17. SERVE - Inference Server and Capacity Planning
Serve Plan — Pre-flight capacity planning (no weights loaded):
# Plan from local file
apr serve plan model.gguf --gpu
# Plan from HuggingFace repo (fetches only ~2KB config.json)
apr serve plan hf://Qwen/Qwen2.5-Coder-1.5B-Instruct --gpu --quant Q4_K_M
# JSON output for CI/tooling
apr serve plan microsoft/phi-2 --gpu --format json
Serve Run — Start inference server:
apr serve run model.apr --port 8080 # Start on port 8080
apr serve run model.apr --host 0.0.0.0 --port 3000 # Bind to all interfaces
Starts a REST API server for model inference:
APR Models (full inference):
# Health check
curl http://localhost:8080/health
# Run inference
curl -X POST http://localhost:8080/predict \
-H "Content-Type: application/json" \
-d '{"input": [1.0, 2.0]}'
Server Features:
/health- Health check endpoint/predict- Inference endpoint (APR models)/model- Model info endpoint (GGUF/SafeTensors)/tensors- Tensor listing (SafeTensors)- Graceful shutdown via Ctrl+C
Chat & Comparison
18. CHAT - Interactive Chat (LLM models)
apr chat model.gguf # Interactive chat
apr chat model.gguf --system "You are a helpful assistant" # Custom system prompt
19. FLOW - Visualize Data Flow
apr flow model.safetensors # Show data flow
apr flow model.gguf --json # JSON output (architecture, groups)
apr flow model.apr --verbose # Verbose with shapes
Detects architecture (Encoder-Decoder, Decoder-Only, Encoder-Only) and groups tensors by layer. Supports APR, GGUF, and SafeTensors.
20. COMPARE-HF - Compare Against HuggingFace Source
apr compare-hf model.apr --hf openai/whisper-tiny # APR format
apr compare-hf model.gguf --hf openai/whisper-tiny # GGUF format
apr compare-hf model.safetensors --hf openai/whisper-tiny # SafeTensors format
apr compare-hf model.apr --hf openai/whisper-tiny --json # JSON output
Auto-detects local model format.
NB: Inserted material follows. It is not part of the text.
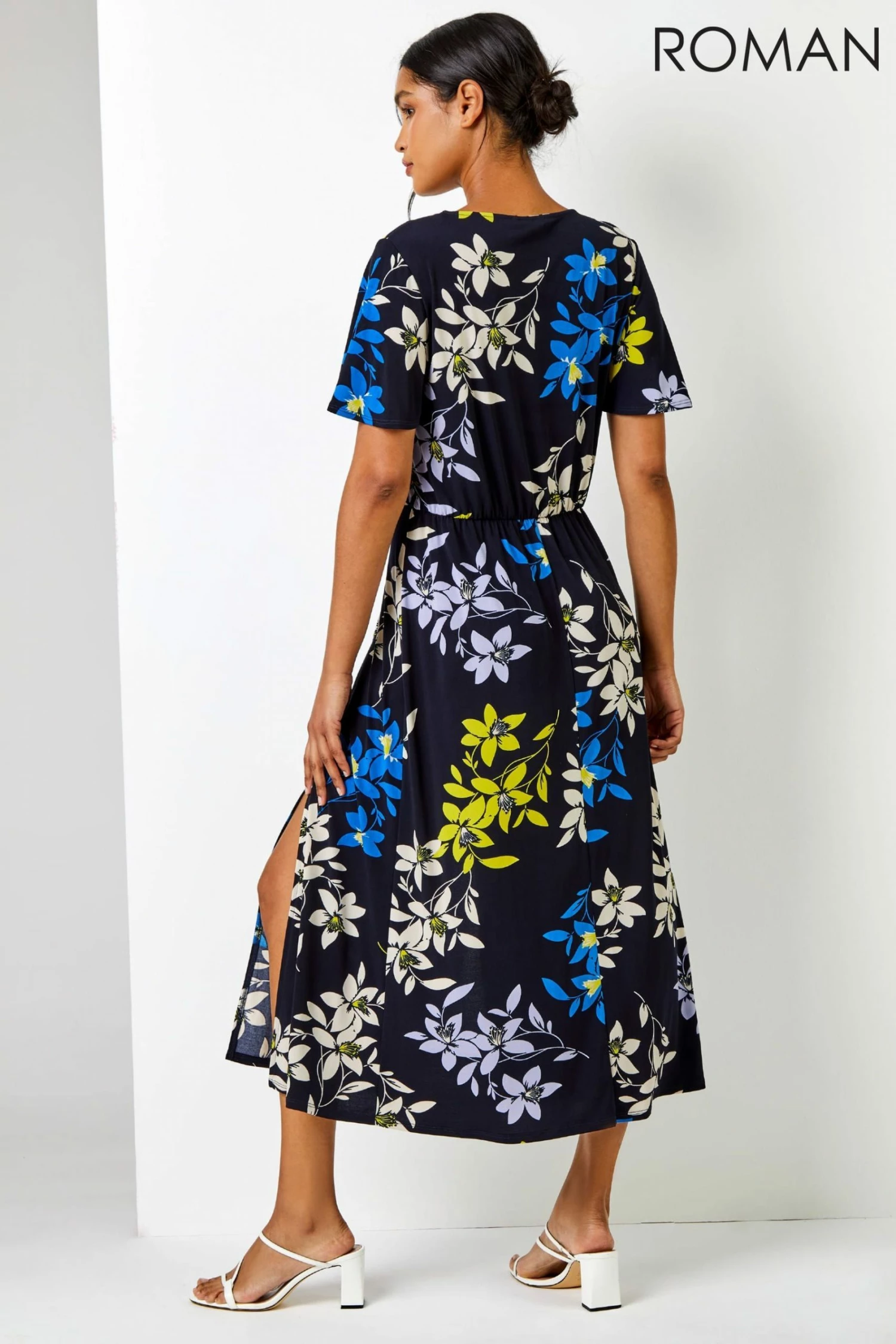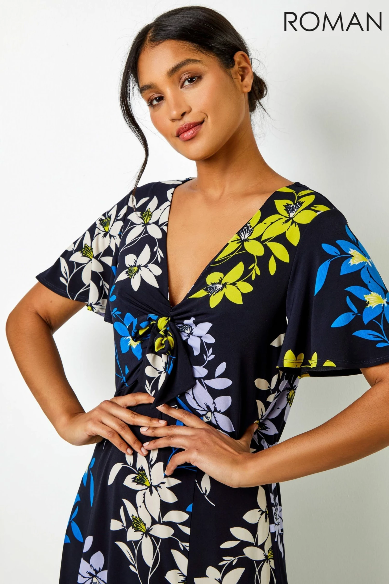 Add to your floral collection this season with a beautiful summer dress, taking you from occasions to beach holidays within seconds. Cut to a relaxed fit and flare shape made from soft stretch jersey material, this maxi dress features a tie detail on the bust and empire line with short angel sleeves, flowing into a maxi length skirt that is designed with vertical panels with splits, creating the ultimate flattering silhouette. Wear with your summer sandals and sunglasses for an effortless holiday outfit.

Compares tensor-by-tensor against HuggingFace source.
HuggingFace Hub
21. PUBLISH - Push to HuggingFace Hub
apr publish model_dir/ org/model-name --dry-run
22. PULL - Download Model
apr pull hf://Qwen/Qwen2.5-Coder-1.5B-Instruct-GGUF -o ./models/
Benchmarking & QA
23. QA - Falsifiable QA Checklist
apr qa model.gguf # Run 8-gate QA checklist
apr qa model.gguf --json # JSON output
24. QUALIFY - Cross-Subcommand Smoke Test
apr qualify model.gguf # Smoke test all 11 tools
apr qualify model.gguf --tier full # Full tier (+contracts +playbook)
apr qualify model.gguf --json # JSON output for CI
apr qualify model.gguf --skip validate,validate_quality # Skip slow gates
Runs every diagnostic CLI tool against a model to verify no crashes. Three tiers: smoke (11 in-process gates), standard (+contract audit), full (+playbook check).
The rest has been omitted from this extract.